Bugs of minor severity

1. When parsing much nested tables, html2text will run out of control.

This problem occurs on very complex tables with more than about 25 nested table elements, because the runtime increases exponentially with each nested table.


2. Any space within the font element not delimited by non-space characters, will not be displayed by html2text.

$ echo 'Lorem<font color="#004080"> </font>Ipsum' | html2text -nobs
LoremIpsum
$ echo 'Lorem<font color="#004080"> Ipsum</font>' | html2text -nobs
LoremIpsum
$ echo '<font color="#004080">Lorem </font>Ipsum' | html2text -nobs
LoremIpsum
$ echo '<font color="#004080">Lorem Ipsum</font>' | html2text -nobs
Lorem Ipsum

3. html2text segfaults on amd64

The problem is in the usage of get_attribute, which is a variable argument function. The function checks for a NULL (char *) argument to terminate processing. Callers used 0 to represent the end of the list, which fails on architectures where int is not the same length as (char *). Callers should use NULL when they mean NULL.
C++ blurs the difference between 0 and NULL much more than C. In a variable argument function call, there is still a difference.

Larry Doolittle very kindly wrote a a patch that fixes this.

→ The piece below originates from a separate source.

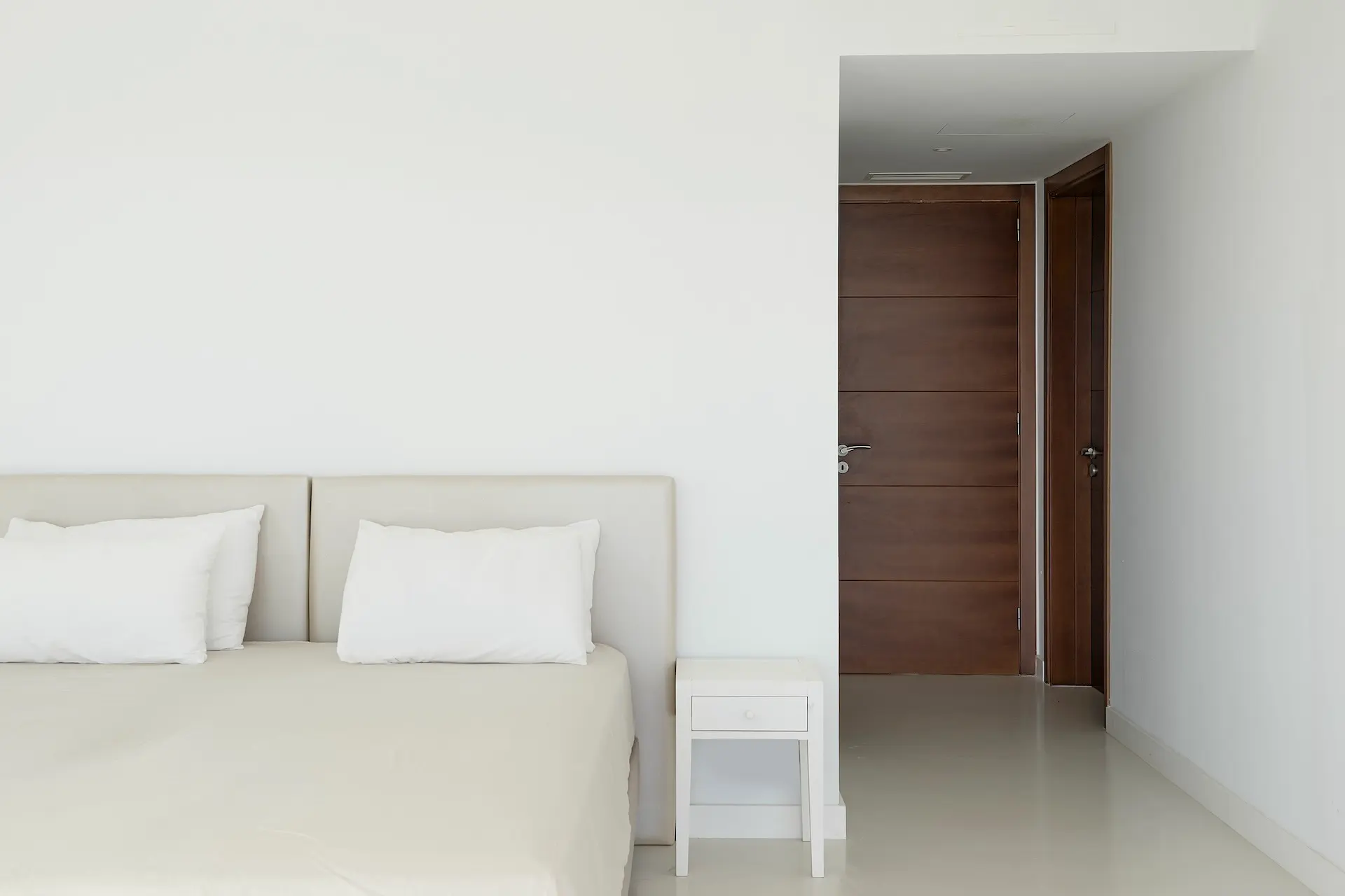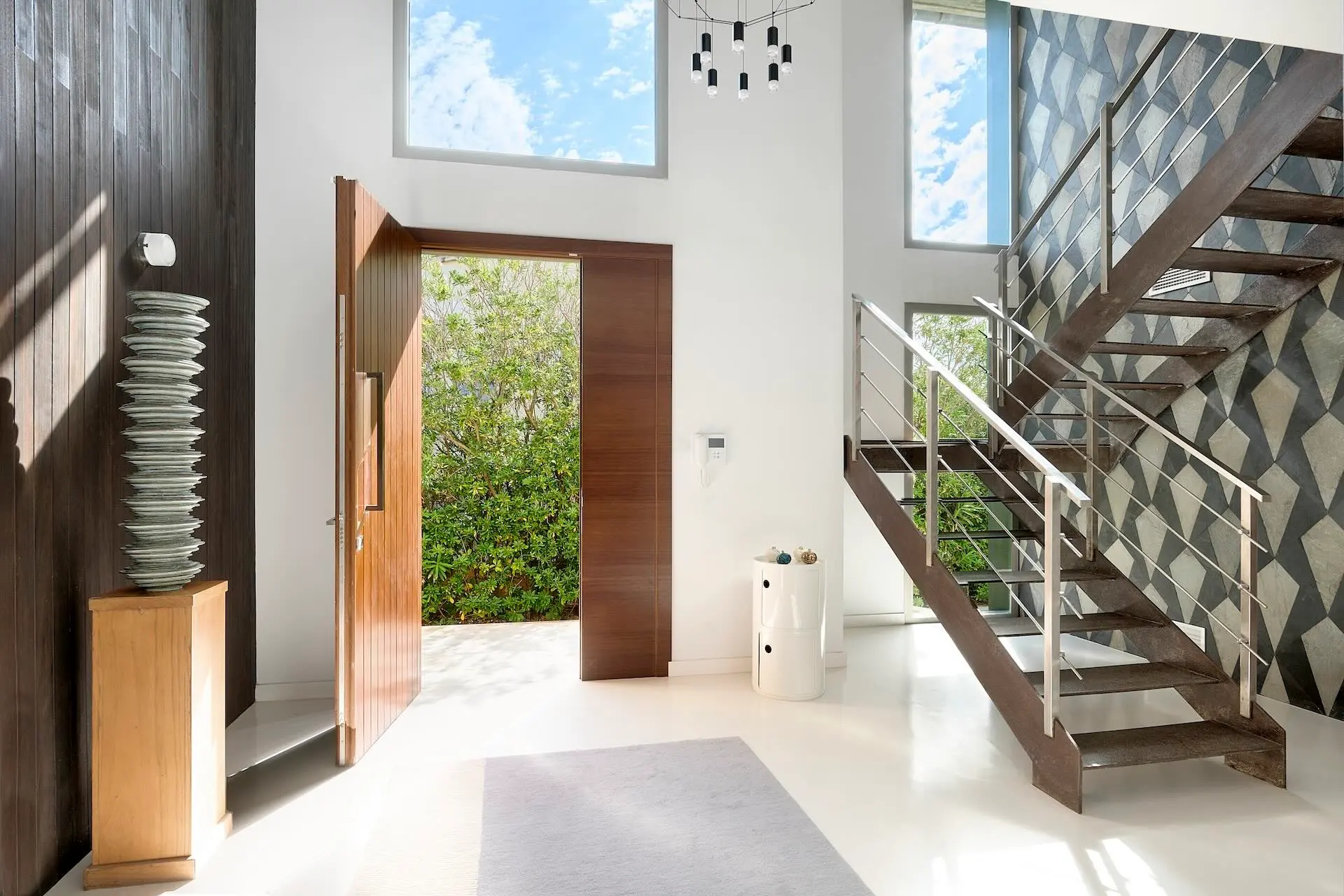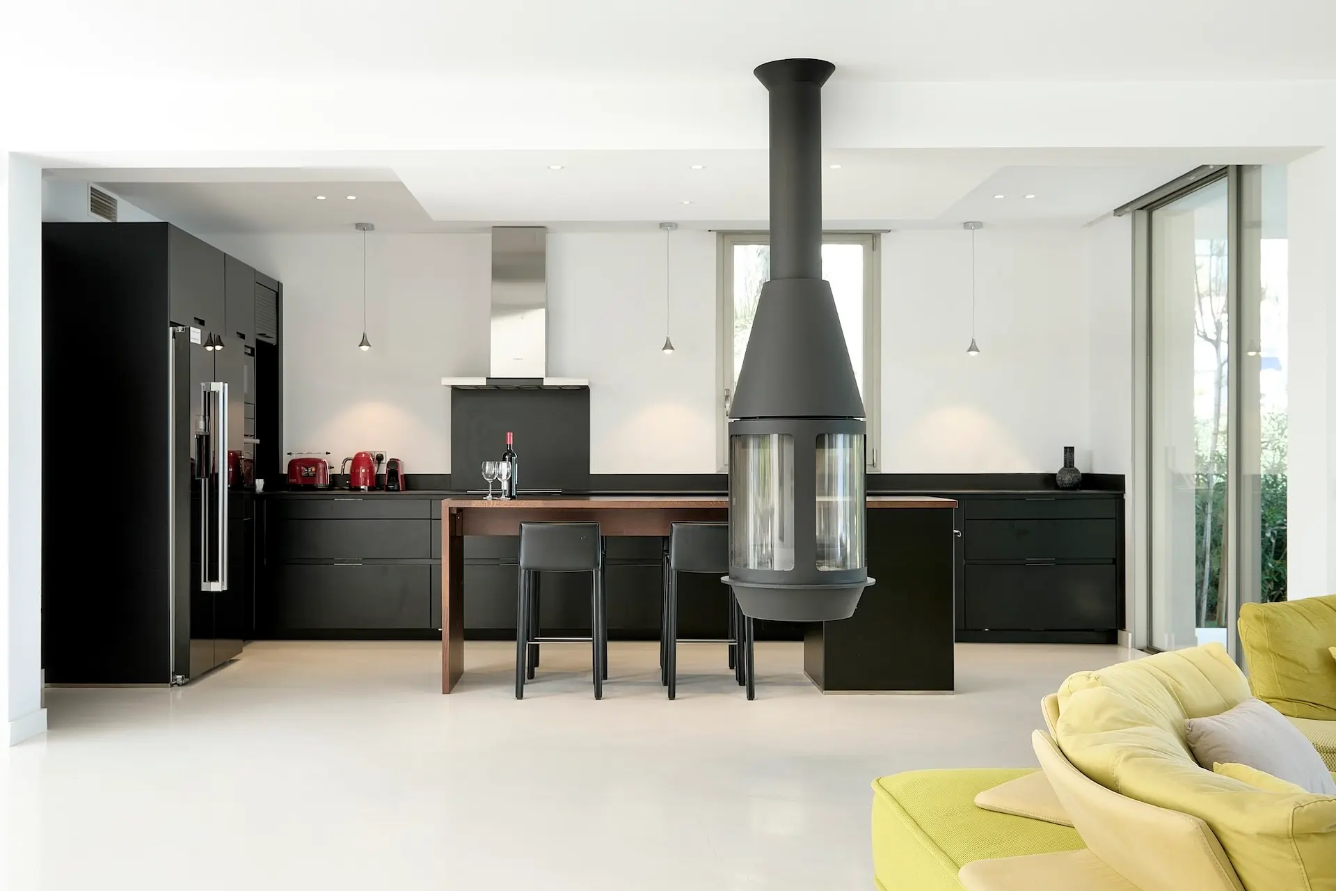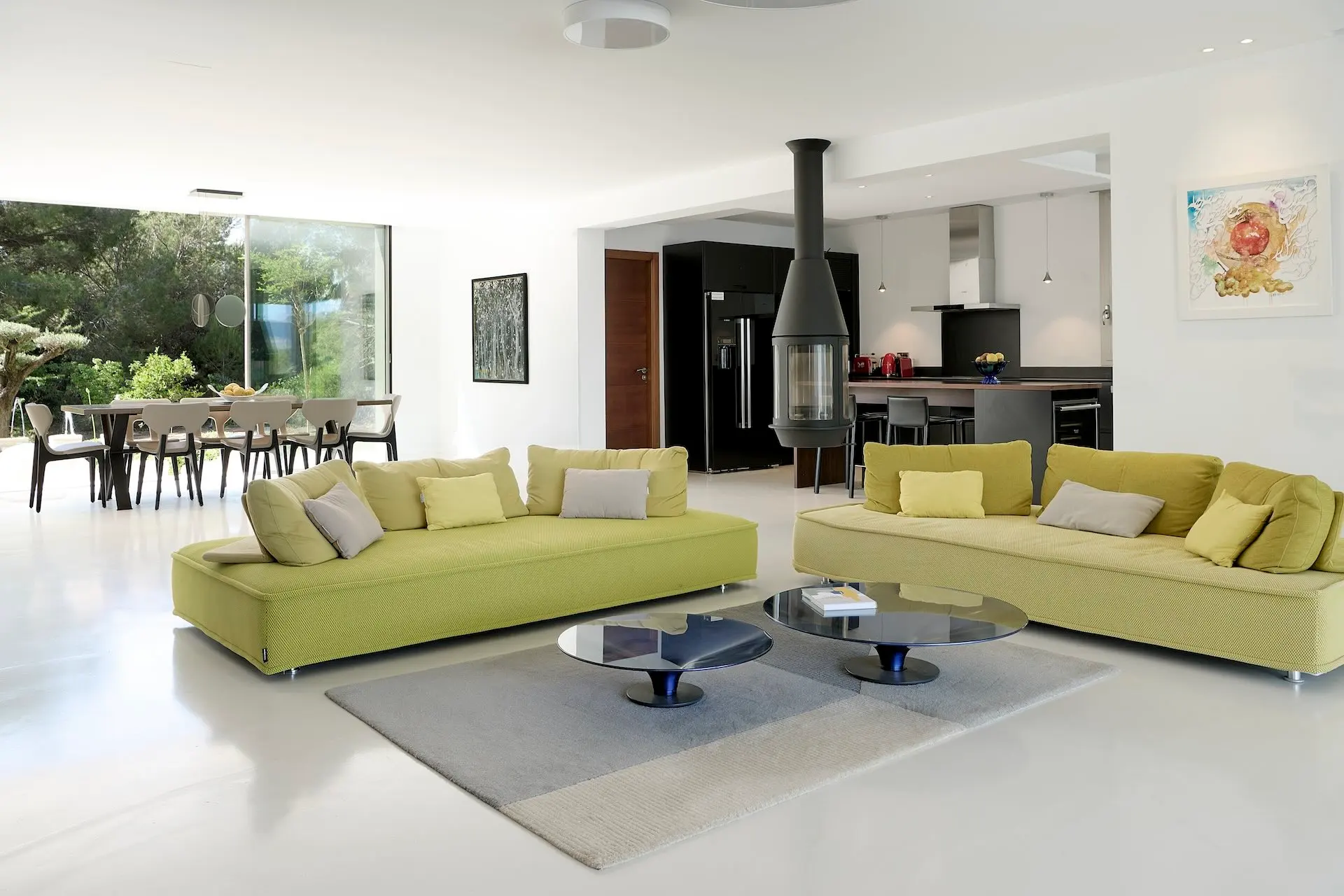 The villa’s interior is bright, modern, and designed to make the most of its spectacular sea views. Large floor-to-ceiling windows flood the open-plan living and dining spaces with natural light while seamlessly connecting the indoor areas with the terraces outside. A fully equipped contemporary kitchen provides everything needed for relaxed holiday living. The property features five comfortable bedrooms, each with its own bathroom, offering both privacy and comfort. Upstairs bedrooms open onto a large panoramic terrace overlooking the bay, while an additional flexible room on the ground floor can serve as a guest bedroom, wellness area, or quiet reading space.

It can be found in the program's downloads directory.


4. The last char of Bulgarian alphabet with ASCII-code 255 is not displayed.

Try using unsigned instead of char in reading by changing line 365 of the file urlistream.C so that it reads:

int
urlistream::get()
{
  unsigned char ch;
  int ret = ::read(fd_, &ch, 1);
  return (ret > 0 ? ch : -1);
}

5. html2text is too strict in dl tag.

html2text does not output any data if you have a <dl> tag without its appropiate </dl> closing tag.

$ echo '<dl>Lorem ipsum' | html2text -nobs
$ echo '<dl>Lorem ipsum</dl>' | html2text -nobs
Lorem ipsum

6. Warnings about 'auto_ptr' not being defined.

Try changing line 56 of the file html.h so that it reads:

#ifdef AUTO_PTR_BROKEN /* { */
#  define auto_ptr broken_auto_ptr
#  include <memory>
#  undef auto_ptr
#  include "libstd/include/auto_ptr.h"
#else /* } { */
using std::auto_ptr;
#  include <memory>
#endif /* } */

7. File retrieval from remote servers with virtual hosts does not work properly.

We would need to send GET http://example.com/index.html, not just GET /index.html.

Feature requests

Currently, when the -width option is specified, everything in the output is wrapped to fit in the specified width. This is fine for free-form text, but doesn't work well material formatted with <pre>...</pre>.
It may be a good idea to add a new feature, implemented as a command line option or rc file setting, that tells html2text to leave the pre text alone.